Fig. 4 is an exploded view of the enclosed ultra-low temperature cryogenic storage device.

Fig. 5 is a perspective view of the first seal ring.

Fig. 6 is a front view of the first seal ring.

Fig. 7 is a sectional view H-H of the first seal ring.

Fig. 8 is a perspective view of the second seal ring.

Fig. 9 is a cross-sectional view of the second seal ring.

Fig. 10 is a cross-sectional view of the locking sleeve.

Detailed Description

The technical solutions in the embodiments of the present invention will be clearly and completely described below with reference to the drawings in the embodiments of the present invention, and it is obvious that the described embodiments are only a part of the embodiments of the present invention, and not all of the embodiments. All other embodiments, which can be derived by a person skilled in the art from the embodiments given herein without making any creative effort, shall fall within the protection scope of the present invention.

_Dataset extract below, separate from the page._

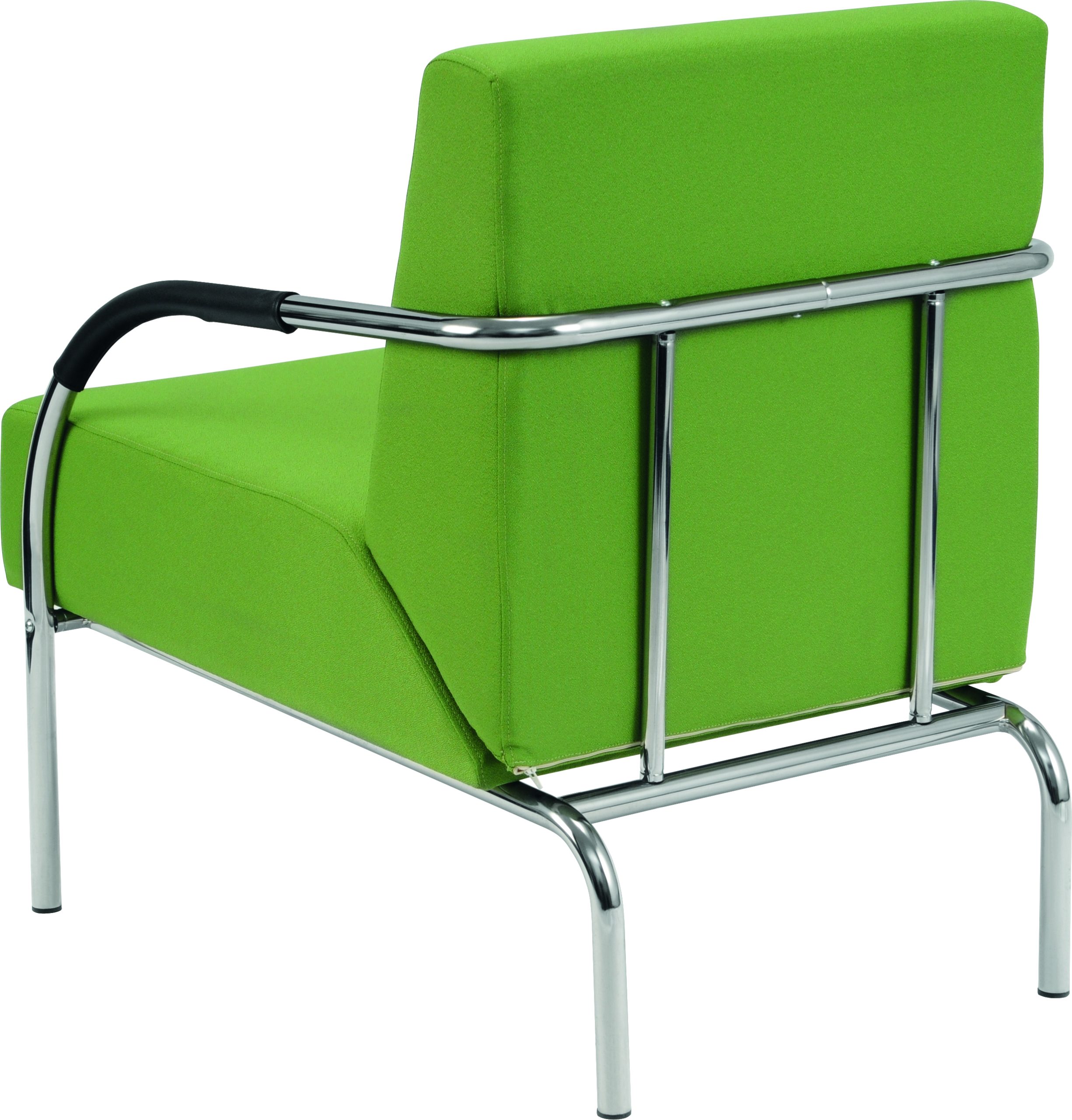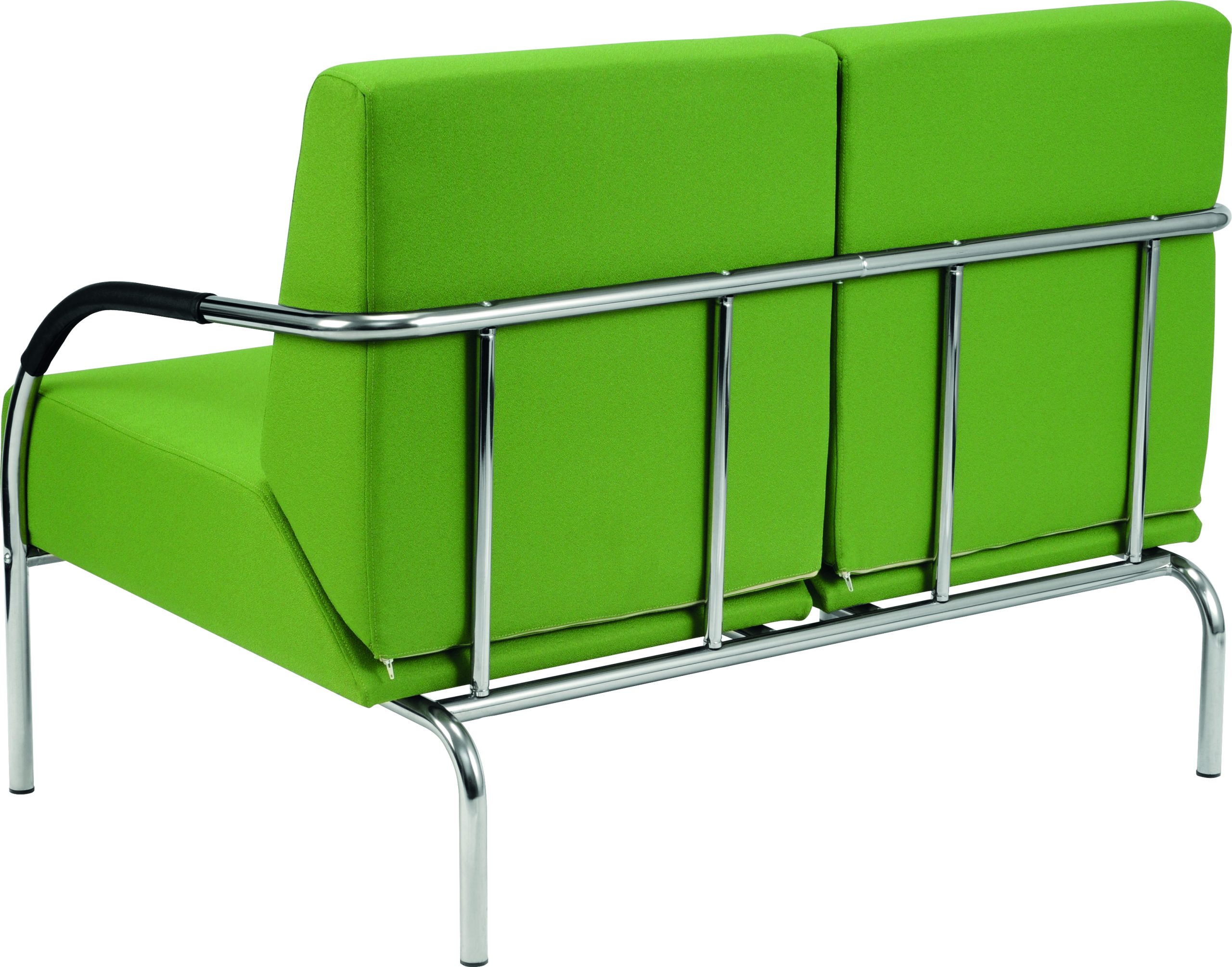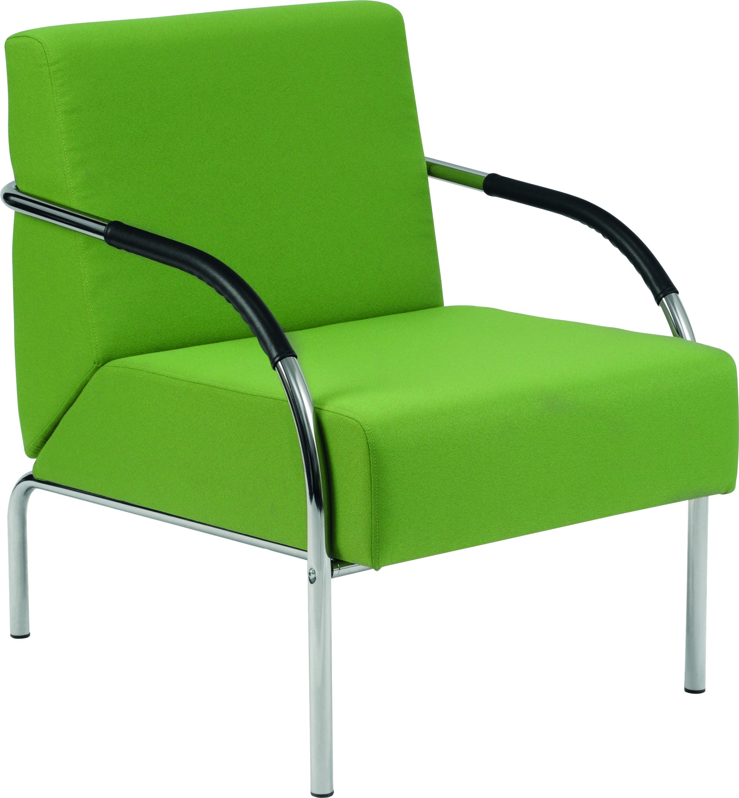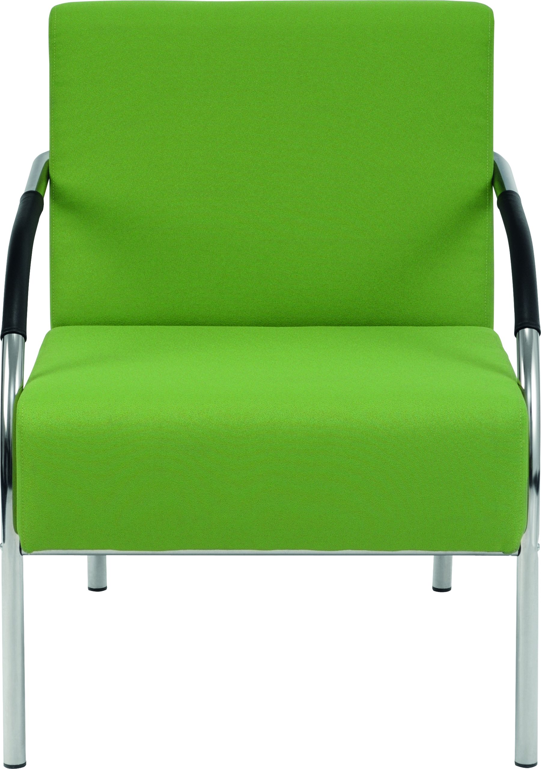 Vollgepolsterte Konferenzsessel mit stabilem, verschweißtem Gestell, verstärkter Rückenlehne und kunstlederbezogenen Armlehnen. Die Kombination aus Sessel, Zwei- und Dreisitzer ergibt eine komplette Sitzgruppe für Empfangsbereiche und Lounges.

Example 1: as shown in fig. 1, an enclosed type ultra-low temperature freezing and storing apparatus 1 includes a sheath 2, a carrier bar 3 inserted into the sheath, and a locker 4 for locking the sheath 2 and the carrier bar 3;

2-4, the sheath 2 has an insertion end 23 provided with a first opening 21, a first cavity 22 for receiving the carrier rod 32 to be inserted therein, the first opening 21 opens into the first cavity 22, and the inner wall of the insertion end 23 is tapered;

as shown in fig. 4-10, the locking member 4 includes a locking sleeve 41, a first sealing ring 42 and a second sealing ring 43, a lower wall 411 in the locking sleeve 41 is in threaded connection with the insertion end 23 of the sheath 2, and a pressing surface 412 which is in press fit with a top surface 421 of the first sealing ring 42 is arranged in the locking sleeve 41; the first sealing ring 42 is vertically penetrated, the lower outer peripheral surface 422 of the first sealing ring 42 is a reverse conical surface, the upper inner peripheral surface 423 of the first sealing ring 42 is provided with an annular groove 424, and the lower inner peripheral surface is a first clamping surface 425 for clamping the carrier rod 3; the second seal ring 43 is an inverted frustum which is vertically penetrated, the outer peripheral surface 431 of the second seal ring 43 is an inverted conical surface, the upper inner peripheral surface 432 of the second seal ring 43 is a chamfered surface, and the lower inner peripheral surface is a second clamping surface 433 which clamps the carrier rod; the lower outer peripheral surface 422 of the first seal ring 42 is press-fitted with the chamfered surface of the upper inner peripheral surface 432 of the second seal ring 43; the carrying rod 3 is inserted into the sheath 2, the locking sleeve 41 is locked with the sheath 2 through threads, the first sealing ring 42 and the second sealing ring 43 are surrounded by the sheath 2, the carrying rod 3 and the locking sleeve 41, and the second sealing ring 43 is positioned on the conical surface of the inner wall of the insertion end 23 of the sheath 2.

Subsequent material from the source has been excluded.